Note: CoT stands for Chain of Thought and we will use "CoT" and "reasoning" interchangeably here, although generally, reasoning encompasses a broader concept than CoT.

Eval Results of the Fine-tuned Models

The eval results of SFT Llama 3.1 8B with different options (epochs is 3, with an additional 10 for the two FFT models) are summarized below:

Fine-tuning Combination	Accuracy
baseline	39.47%
CoT, PEFT	43.35%
CoT, FFT	42.44% (3 epochs)
CoT, FFT	43.87% (10 epochs)

Using Quantization+PEFT on CoT dataset only dropped the accuracy from 43.35% to 42.89%.

Creating dataset

We use the BIRD TRAIN dataset to prepare for supervised fine-tuning with reasoning info in the dataset. The goal is to see if we can improve the accuracy of the fine-tuned model by adding the reasoning info in the dataset.

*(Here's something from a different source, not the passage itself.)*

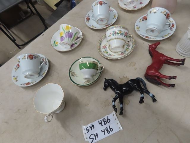 China Tea Cup + Saucers- Foley,Colclough Horse Ornaments
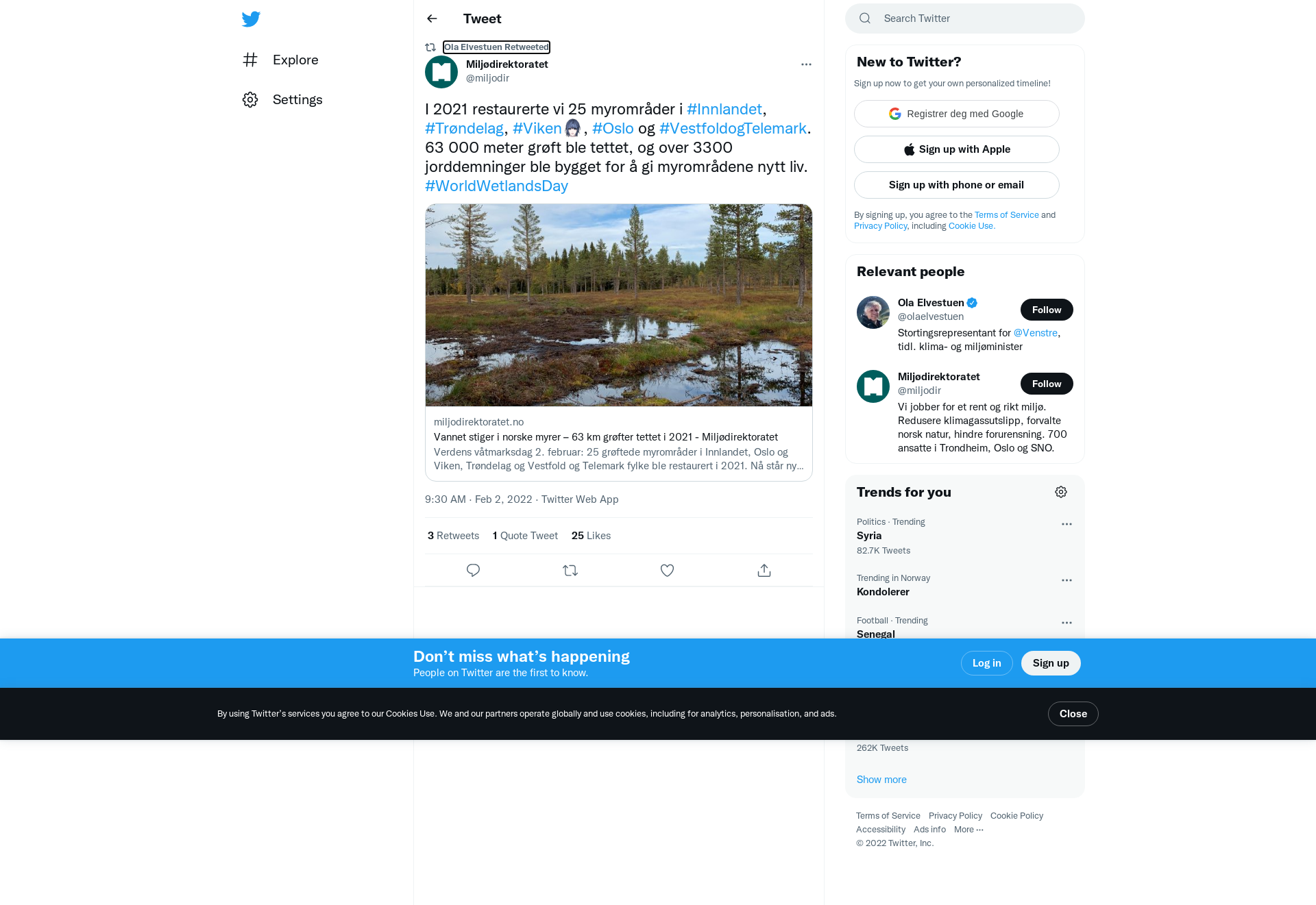 RT @miljodir: I 2021 restaurerte vi 25 myrområder i #Innlandet, #Trøndelag, #Viken, #Oslo og #VestfoldogTelemark. 63 000 meter grøft ble tettet, og over 3300 jorddemninger ble bygget for å gi myrområdene nytt liv. #WorldWetlandsDay \nhttps://t.co/1JrMW6GxqW

Creating a reasoning dataset from the TRAIN dataset

The script create_reasoning_dataset.py is used to create a reasoning dataset from the TRAIN dataset by asking Llama 3.3 70B to generate the reasoning for each text question and its corresponding gold SQL. The intent is to use the reasoning dataset to fine-tune the Llama model to improve the accuracy of the generated SQL.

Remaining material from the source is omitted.